Jede Mediation ist streng vertraulich. Daher haben wir die Namen der Beteiligten geändert und den Konflikt verfremdet.

Generationswechsel

Medianden:
Inês, 23 anos, Betriebswirtin, ledig, keine Kinder
ist Nichte von:
Conceição, 63 Jahre, verheiratet, keine Kinder, Sekretärin
und ihrem Ehemann
António, 62 Jahre, keine Kinder, Ingenieur der Elektrotechnik

Konfliktsituation:
Das Familienunternehmen für elektrische Installationen wurde von Antónios Eltern gegründet. Es beschäftigt über António und Conceição hinaus acht Mitarbeiter – sechs Techniker und zwei Verkäufer – und schrieb bereits Jahresumsätze von einer Million Euro. In den letzten Jahren gingen die Aufträge jedoch immer weiter zurück, obwohl das Ehepaar alles tat, um der Entwicklung entgegenzuwirken. Eines Tages erschien ihre Nichte Inês, hoch motiviert und voller Tatendrang. Nach Abschluss ihres Masters in Betriebswirtschaft hatte sie von Antónios Eltern über 50 Prozent der Firmenanteile erhalten. Fest entschlossen, das Geschäft wiederzubeleben, wollte sie die Geschäftsführung übernehmen.
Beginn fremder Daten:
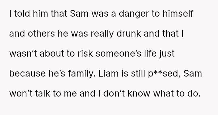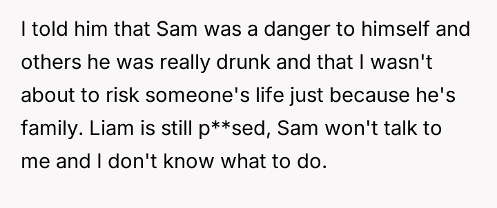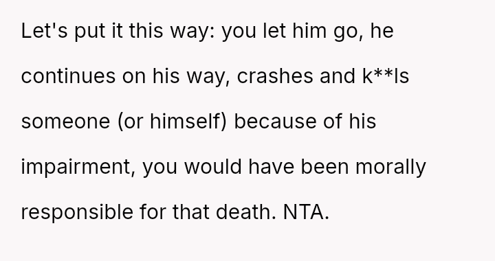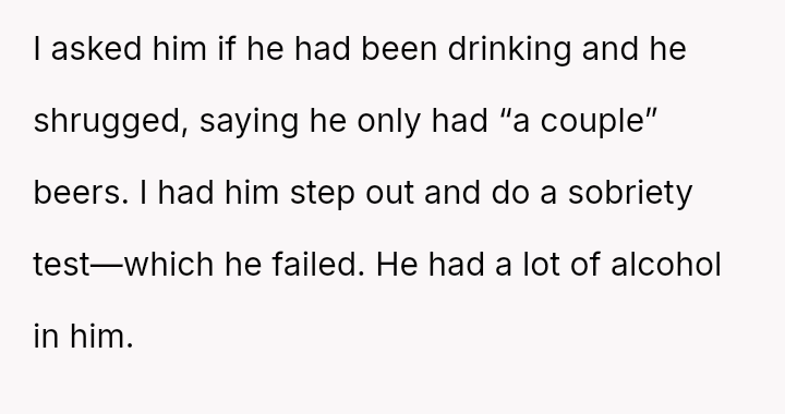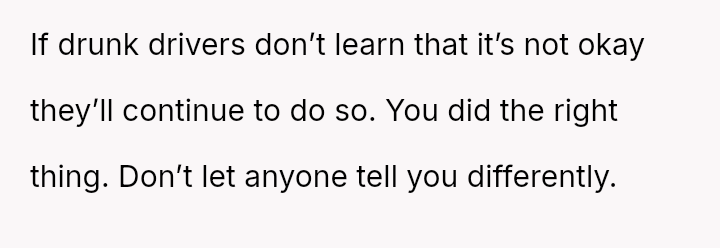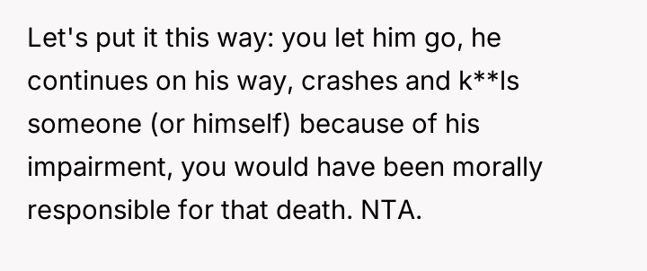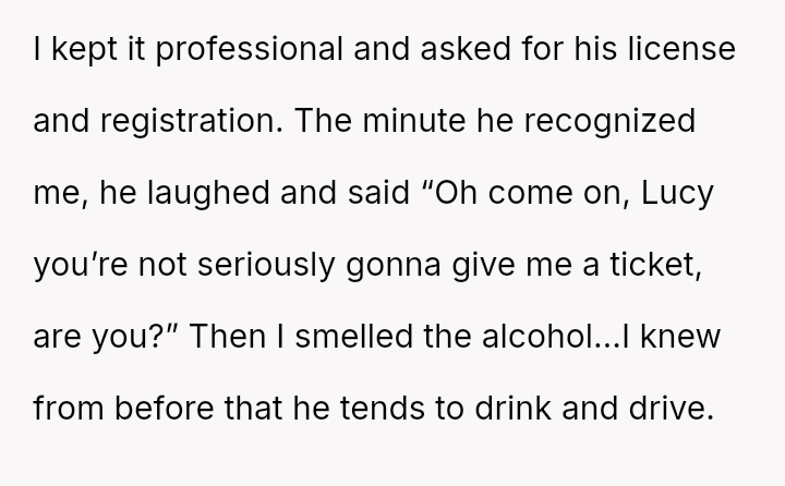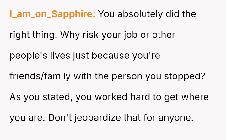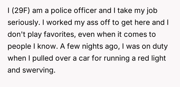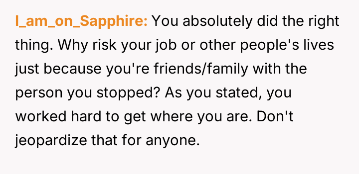 Was the officer justified in upholding the law and ensuring public safety by arresting a family member for a clear DUI, or should she have considered the potential long-term damage to her personal relationships by refusing to look the other way in a situation where no accident had yet occurred?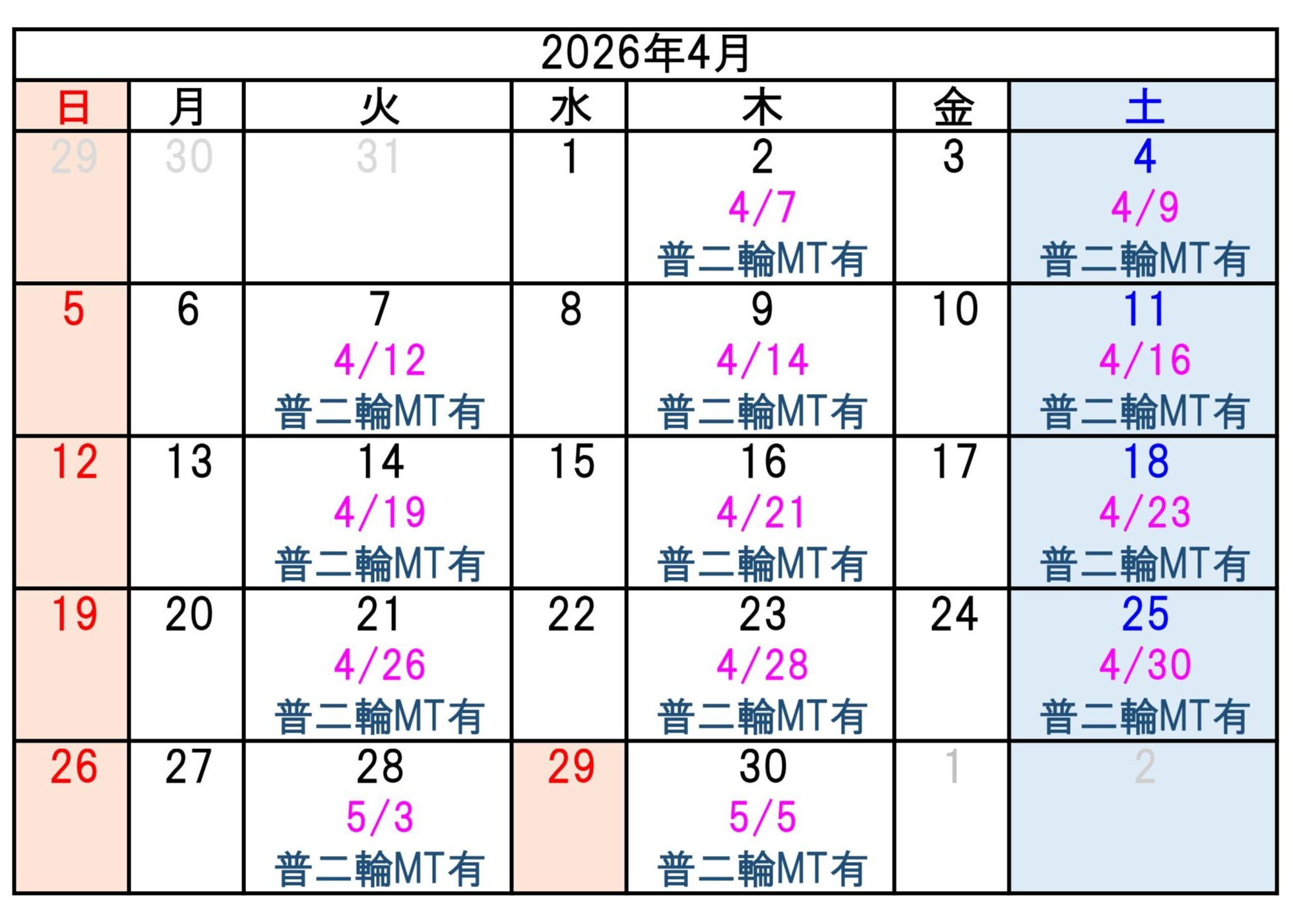 | シングルB 宿舎:コンスタンツェ・レゾナンス | 女性 | 大型二輪MT | 普通二輪MT | 150,000円税込 | 最短6日 |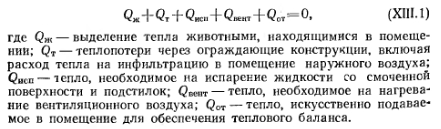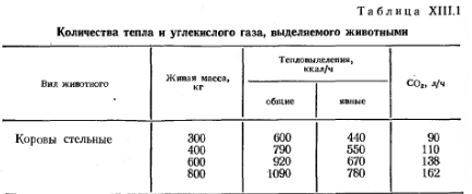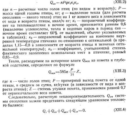 ОТОПЛЕНИЕ ЖИВОТНОВОДЧЕСКИХ ПОМЕЩЕНИИДля поддержания нормальных физиологических процессов, происходящих в организме животных, в помещениях нужно поддерживать определенную температуру и влажность. Кроме того, объемное содержание С02 в животноводческих помещениях должно быть не более 0,25%. Подвижность воздуха в зимнее время должна находиться в пределах 0,3—0,5 м/с, летом же она может быть намного больше (до 1,5 м/с). При проектировании отопления в животноводческих помещениях расчетную наружную температуру следует принимать по параметрам Б, т. е. по средней температуре самой холодной пятидневки. Тепловой баланс животноводческого помещения выражают в виде алгебраической суммы поступающего и теряемого тепла: ![]() Количество вентиляционного воздуха определяют как наибольшее из трех значений, полученных при расчете поглощения теплоизбытков, доведении относительной влажности до нормируемой и растворении выделяемых вредных газов до допустимой концентрации (углекислоты и аммиака). Количество вредных выделений животными зависит от целого ряда факторов: породы, веса, возраста, физиологического состояния (табл. XIII.1). Разность температуры воздуха в помещении и внутренней поверхности стены не должна превышать 3°, а температуры воздуха и поверхности покрытия — 2,5°. Полы должны быть теплыми, с этой целью пристенные зоны пола дополнительно утепляют. Разность температуры зоны пребывания животных и поверхности пола не должна быть более 1,5°. Для искусственного обогрева животноводческих помещений можно применять печное, водяное, воздушное и паровое отопление низкого давления. Нагретый воздух нужно подавать через воздуховоды равномерной раздачи. При этом систему воздушного отопления удобно помещать с приточной вентиляцией, воздух в этом случае соответственно перегревается. ![]() Максимальная температура воздуха, подаваемого системой воздушного отопления, не должна превышать 70° С, а максимальная температура поверхности нагревательных приборов — 95° С. Для отопления животноводческих помещений нужно применять локальные системы отопления. Так, в помещениях для содержания свиней, особенно молодняка, целесообразно обогревать полы с помощью змеевиков центрального водяного отопления или способом электрообогрева. Для обеспечения в животноводческих помещениях необходимого микроклимата рекомендуется программное автоматическое управление системами отопления и вентиляции с помощью приборов и аппаратов, отличающихся быстротой и гибкостью регулирования в зависимости от изменения условий (температуры, влажности, времени, скорости движения воздуха и др.). Температуру внутреннего воздуха в птичниках принимают согласно норм в зависимости от места нахождения птиц в помещении: на полу или в местах локального обогрева, под брудевами или при содержании их в клетках. Кроме того, внутренняя температура воздуха зависит от возраста птиц и их вида. В птичниках полуоткрытого и открытого типа параметры внутреннего воздуха помещения для содержания птиц не нормируются. При расчете теплопроизводительности системы отопления следует учитывать тепловыделения от птиц и расход тепла на испарение влаги из помета и глубокой подстилки. Количество тепла, выделяемое птицами QnT, определяют по формуле ![]() Отопительные устройства. Систему отопления выбирают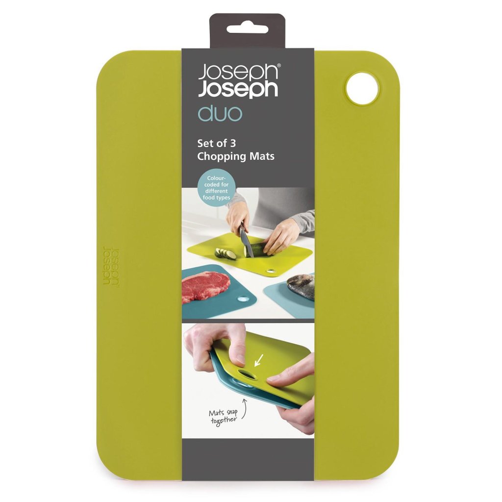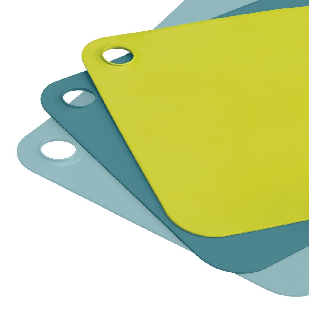 - O conjunto de três tábuas de corte Joseph Joseph DUO permite cortar higienicamente de forma separada vegetais, carne crua e alimentos já cozinhados.
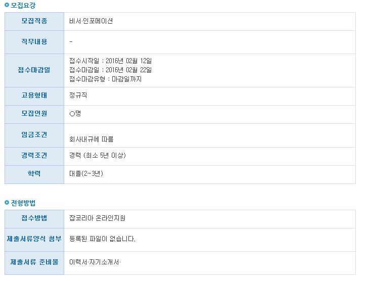 Ãâó : http://www.work.go.kr/empInfo/empInfoSrch/detail/retrivePriEmpDtlView.do?iorgGbcd=CJK&callPage=detail&wantedAuthNo=21437076&rtnUrl=/empInfo/empInfoSrch/list/dtlEmpSrchList.do?len=0&tot=0&relYn=N&totalEmpCount=0&jobsCount=0&lastIndex=1&siteClcd=all&academicGbnoEdu=noEdu&firstIndex=1&pageSize=10&recordCountPerPage=10&preferentialGbn=all&rowNo=0&softMatchingPossibleYn=N&benefitSrchAndOr=O&keyword=%EB%B9%84%EC%84%9C%EC%A7%81&charSet=EUC-KR&startPos=0&collectionName=tb_workinfo&softMatchingMinRate=66&softMatchingMaxRate=100&certifiYn=N&preferentialYn=Y&preferential=all&&empTpGbcd=1&onlyTitleSrchYn=N&onlyContentSrchYn=N&serialversionuid=3990642507954558837&resultCnt=10&sortOrderBy=DESC&sortField=DATE&pageIndex=2&pageUnit=10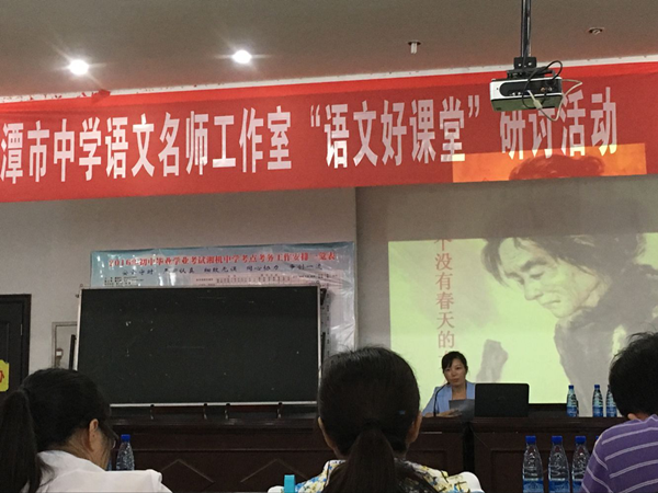 霍奇艳老师带来“衔泥带得落花归——我的作文教学困惑与探索”报告,以2016年湘潭市中考作文题为例分析了员工写作现状和教师写作教学现状,阐明了作文教学的三大困惑,即:员工不想写、没得写和不会写。然后从理论和实践两方面一一探讨解决这三大困惑的办法。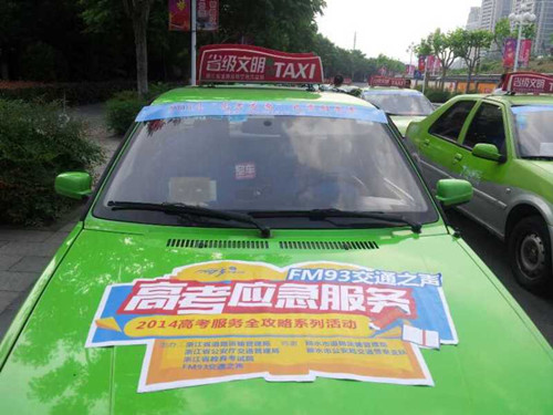 2014年,是我市出租車行業(yè)開展服務高考志愿行動的第7年,與往年相比,今年的高考應急服務措施更細致、更專業(yè)、更貼心。為了能為12年寒窗苦讀的學生做點貢獻,市區(qū)三家出租車公司三支省級文明出租車隊,共60輛“愛心肋考”車投入“服務高考志愿活動”。每輛“志愿助考”出租車的前、后擋風玻璃粘貼統(tǒng)一的助考標識,考生均可憑“準考證”免費乘車到考點。在麗水中學和麗水二中兩大考點將分別安排應急車在開考前1小時至開考后半小時定點為考生服務,其余車輛則分布于市區(qū)各個路段提供便捷服務。考慮到路況現(xiàn)狀,為了不耽誤考生“一生中最重要”的考試,準備10輛應急車輛。萬一遇到送考車輛發(fā)生拋錨故障,或者有突發(fā)事件影響送考的情況,應急車將及時頂上,保證在第一時間內(nèi)把考生接送至指定考場。另外,我們還設立了服務預約電話,考生可提前撥打麗水市道路運輸管理局服務熱線“96520”或市區(qū)三家出租車公司電話,我們將及時安排點對點高考應急服務。
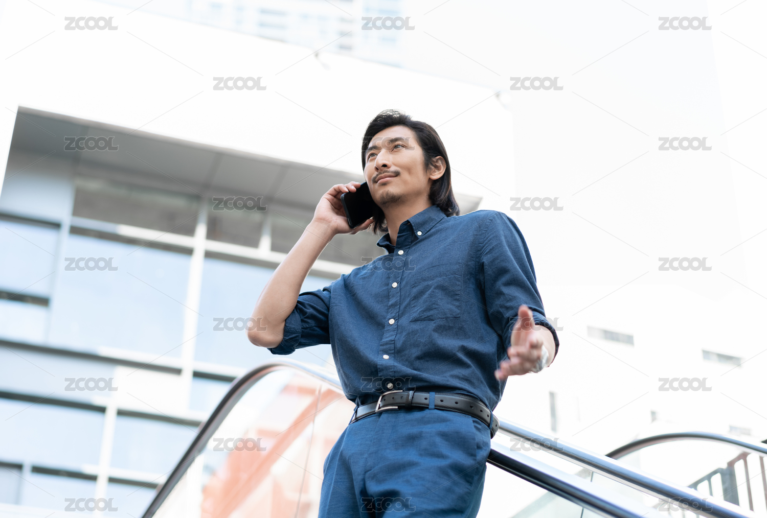 成熟自信的亚洲商务人士在自动扶梯上打电话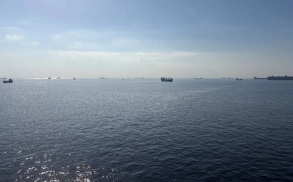 2月28日,伊朗海军通过高频广播发布禁令,禁止所有船舶驶入波斯湾。 从那天起,刘轶文和他所在的船只就被困在阿联柯法干港(Khor Fakkan)待命,这里本是荷莫兹海峡的重要补给点,如今却变成了一个巨大的“滞留等待区”。 附近的锚地已聚集大量船只,涵盖各种类型,“油轮、货船、货柜船,大家都在等。”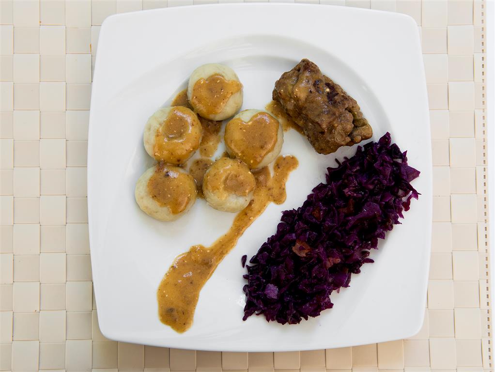 Traditional Silesian dinner served on Sundays: Beef roulade, Silesian dumplings and red cabbage. The roulade is filled with bacon, sour cucumbers, onion and mustard. It is very popular dish in the central part of the region.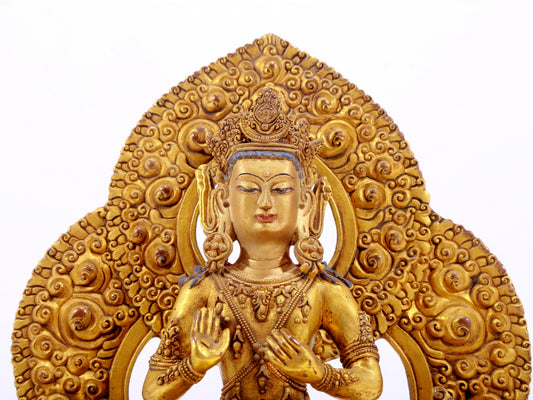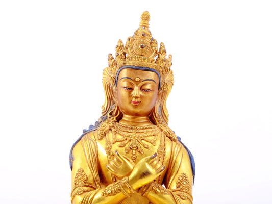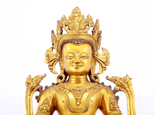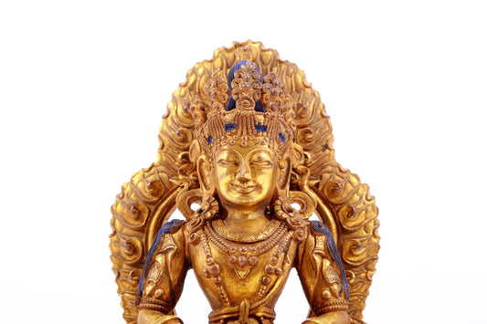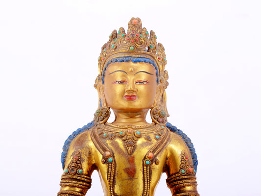 A gilt bronze statue of Amitayus Buddha inlaid with hundreds of treasures

Ein offener Dialog scheiterte und so entwickelte sich rasch ein ernster Konflikt zwischen a) Inês und b) Conceição und António.

Initiative:
Als sich Inês schließlich blockiert fühlte und das ganze Geschäft in Gefahr sah, öffnete sie sich ihrer Mutter, die von der Mediation als ideale Methode zur Lösung komplexer Konflikte gehört hatte. Sie machte sich schlau und schaffte es dann, ihren Onkel zu motivieren, bei einer Mediatorin ein Vorgespräch zu vereinbaren. Ihre Tante war dagegen, ging aber dann doch mit zum Termin, als sie erfuhr, dass sie jederzeit und ohne Begründung aus der Mediation aussteigen könne.

Erkenntnis:
Es handelte sich um einen klassischen Konflikt zwischen konservativen und progressiven Kräften. Es scheint ein natürliches Misstrauen zu geben zwischen Menschen, die vornehmlich erhalten wollen, und Menschen, die vornehmlich erneuern wollen. Urängste werden da schnell aktiviert. Für den Erfolg eines Geschäfts sind jedoch beide Extreme essenziell und vital. Sie ergänzen sich und erreichen wichtige Kompromisse für eine gesunde Zukunft. Zu eben dieser Erkenntnis gelangten Inês, António und Conceição in der Mediation. Sie sprachen über ihre Ängste in Bezug auf die Firmenergebnisse und wurden sich über ihr gemeinsames Ziel bewusst: blühende Geschäfte in naher Zukunft. Der Onkel und die Tante erkannten die Ausbildung ihrer Nichte als Mehrwert für die Firma an, und Inês erkannte die lange Markterfahrung von António und Conceição an.

Lösung:
In der Mediationsvereinbarung verpflichteten sich die drei, ein Team zu bilden, mit dem Ziel, die Firma zu einem Wachstum von 3 % im nächsten Jahr und von 5 % in den beiden Folgejahren zu führen. Sie vereinbarten einen ausführlichen Maßnahmenkatalog. Daraus einige Beispiele:
– eine tägliche einstündige Besprechung unter ihnen zum Thema Neugestaltung/ Neuausrichtung des Geschäfts
– eine wöchentliche Besprechung mit den Mitarbeitern, um sie einzubinden und auf Stand zu halten
– die Verträge mit allen Lieferanten zu analysieren und neu zu verhandeln
– eine Agentur für Marketing und Kommunikation zu beauftragen
– in eine neue Webseite zu investieren sowie in eine Weiterbildung zum Thema „Verkaufstechniken“ für die Verkäufer und Techniker

Ergebnis:
Die Familie ist wieder im Reinen mit sich und setzt sich mit vereinten Kräften für das Familienunternehmen und ein gesundes Betriebsklima ein. Sie ist motiviert und positiv gesinnt, offen über Entscheidungen zu diskutieren und Kompromisse zu erarbeiten. Damit haben alle gewonnen.